LINDBERG Liverpool Lullabies. Waves of Wollongong (Lindberg)
View record and artist detailsRecord and Artist Details
Composer or Director: Evelyn Glennie
Genre:
Orchestral
Label: BIS
Magazine Review Date: 03/2021
Media Format: Super Audio CD
Media Runtime: 71
Mastering:
DDD
Catalogue Number: BIS2418

Tracks:
Composition | Artist Credit |
---|---|
Waves of Wollongong |
Christian Lindberg, Composer
Antwerp Symphony Orchestra Christian Lindberg, Conductor New Trombone Collective |
Liverpool Lullabies |
Christian Lindberg, Composer
Antwerp Symphony Orchestra Christian Lindberg, Trombone Evelyn Glennie, Composer |
Author: Richard Whitehouse
Given his prowess as trombonist and abilities as conductor, Christian Lindberg could hardly be called a ‘jack of all trades’ when it comes to composition, even if his avowedly intuitive approach to the latter has so far produced a stream of enjoyable if hardly memorable works.

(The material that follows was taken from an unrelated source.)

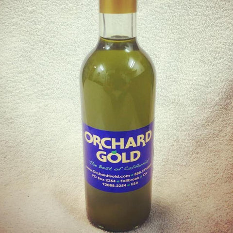Orchard Gold's Olio Nuovo is liquid gold and like no other extra virgin olive oil you have tasted. Dry-farmed in the foothills outside of Paso Robles, California, these green Arbequiña olives are hand-picked at the precise time, crushed and bottled within just a few hours, creating an unfiltered, velvety oil with an intense fruity nose, robust olive flavor and a distinct peppery finish. This oil is the perfect finishing oil or simply enjoyed with a warm piece of crusty bread. Very limited quantities. Reserve yours today!

As seems the case here. Inspired by wave formations off Australia’s eastern coast, The Waves of Wollongong (2009) translates this imagery into the interplay between nine trombones and orchestra, resulting in a sequence of eventful vignettes given cohesion largely through their contrasts of motion and dynamics. The New Trombone Collective audibly relish their turn in the spotlight, before the raucously affirmative close. Rather more subtlety is evident in Liverpool Lullabies (2016), less a concerto than a fantasy for percussion and orchestra based upon the composer’s journeys around the city together with childhood memories that likely set the mood for these engaging and always affectionate episodes. Not so much a day in the life as a journey from the first-person perspective that Evelyn Glennie graces with no little finesse.
Most ambitious here is 2017, a work that started out as a latter-day counterpart to The Rite of Spring but ended up chronicling the composer’s experiences across the year in question; the titles of its (continuous) sections make explicit his response to the upending of assumed values in what becomes a struggle for the reassertion of truth. Whether its attendant tone of reconciliation proves at all premature only time will tell, but the enthusiasm of the Antwerp Symphony’s response conveys a belief in the essential rightness of Lindberg’s observations.
All three works gain from the superbly defined ambience of Antwerp’s Elisabethzaal, along with the composer’s pithy introductions. Anyone new to Lindberg should first hear his viola concerto Steppenwolf (8/18), to which this new release provides a worthwhile follow-up.